__Work task__: Please transcribe the lines below exactly, and leave every image behind.

__Provided data__:
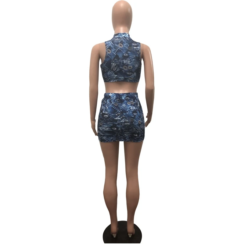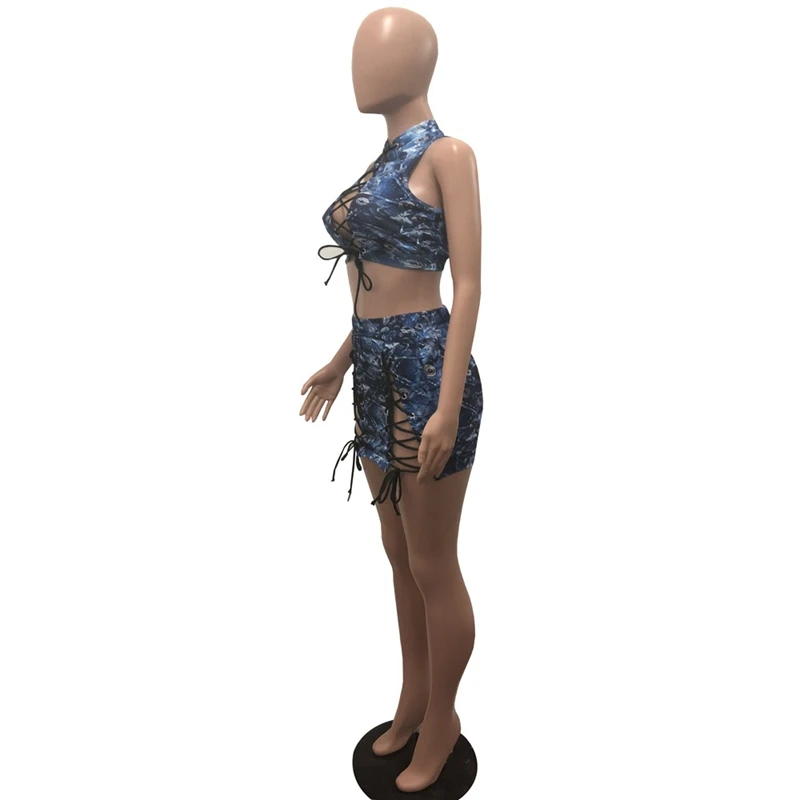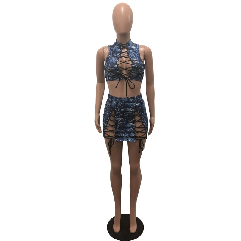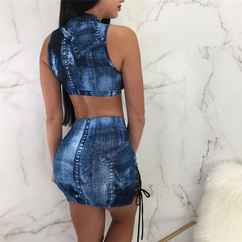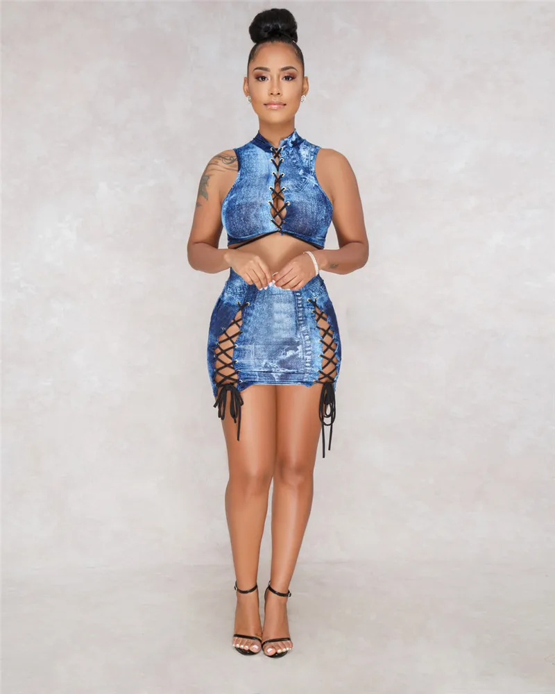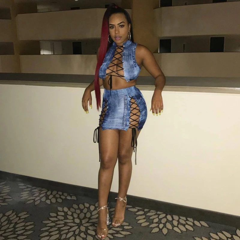 Sexy Lace up Two Piece Sets Women Bodycon Dresses Summer Sleeveless Hollow Out Jeans Crop Top and Skirt Set Party Club Outfit
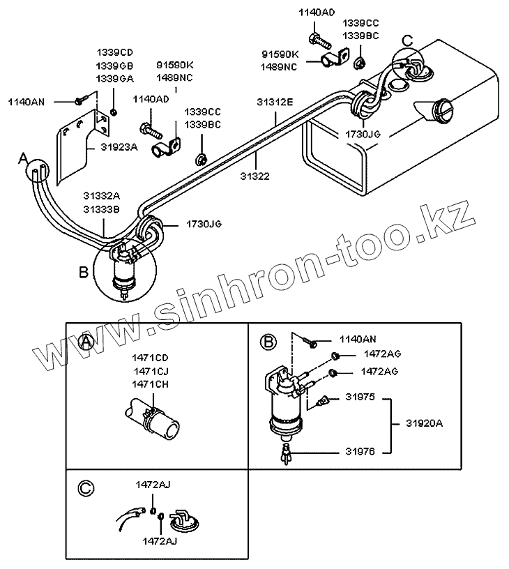 | 31333B | 31333-5H100 | Топливный шланг | |
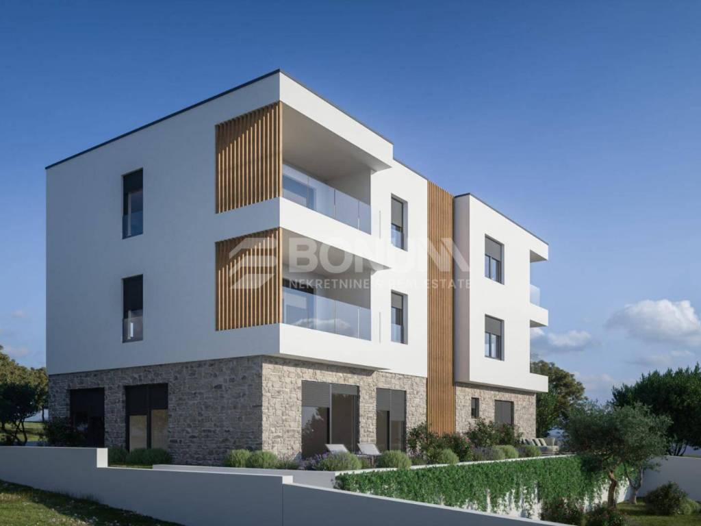 A modern apartment on the second floor of a newly constructed building is offered, located in the first row to the sea, in an exceptionally attractive location in Brodarica near Šibenik. The apartment has been carefully designed in order to ensure an optimal layout of the rooms and maximum living comfort.
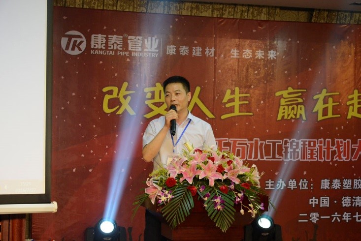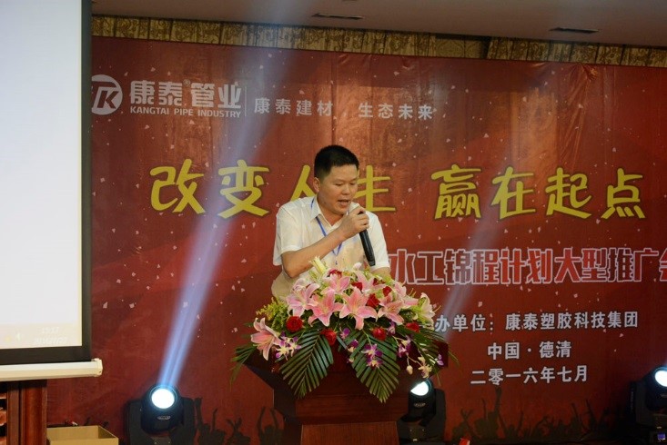 ? ? ? ?會(huì)上,浙江基地總經(jīng)理潘明正首先致詞,代表康泰集團(tuán)對(duì)各位嘉賓的到來(lái)表示熱烈的歡迎和衷心的感謝,并預(yù)祝會(huì)議取得圓滿成功,祝各位水電大師前程似錦,事業(yè)蒸蒸日上。

__Solution to the exercise__:
 Sexy Lace up Two Piece Sets Women Bodycon Dresses Summer Sleeveless Hollow Out Jeans Crop Top and Skirt Set Party Club Outfit
 | 31333B | 31333-5H100 | Топливный шланг | |
 A modern apartment on the second floor of a newly constructed building is offered, located in the first row to the sea, in an exceptionally attractive location in Brodarica near Šibenik. The apartment has been carefully designed in order to ensure an optimal layout of the rooms and maximum living comfort.
 ? ? ? ?會(huì)上,浙江基地總經(jīng)理潘明正首先致詞,代表康泰集團(tuán)對(duì)各位嘉賓的到來(lái)表示熱烈的歡迎和衷心的感謝,并預(yù)祝會(huì)議取得圓滿成功,祝各位水電大師前程似錦,事業(yè)蒸蒸日上。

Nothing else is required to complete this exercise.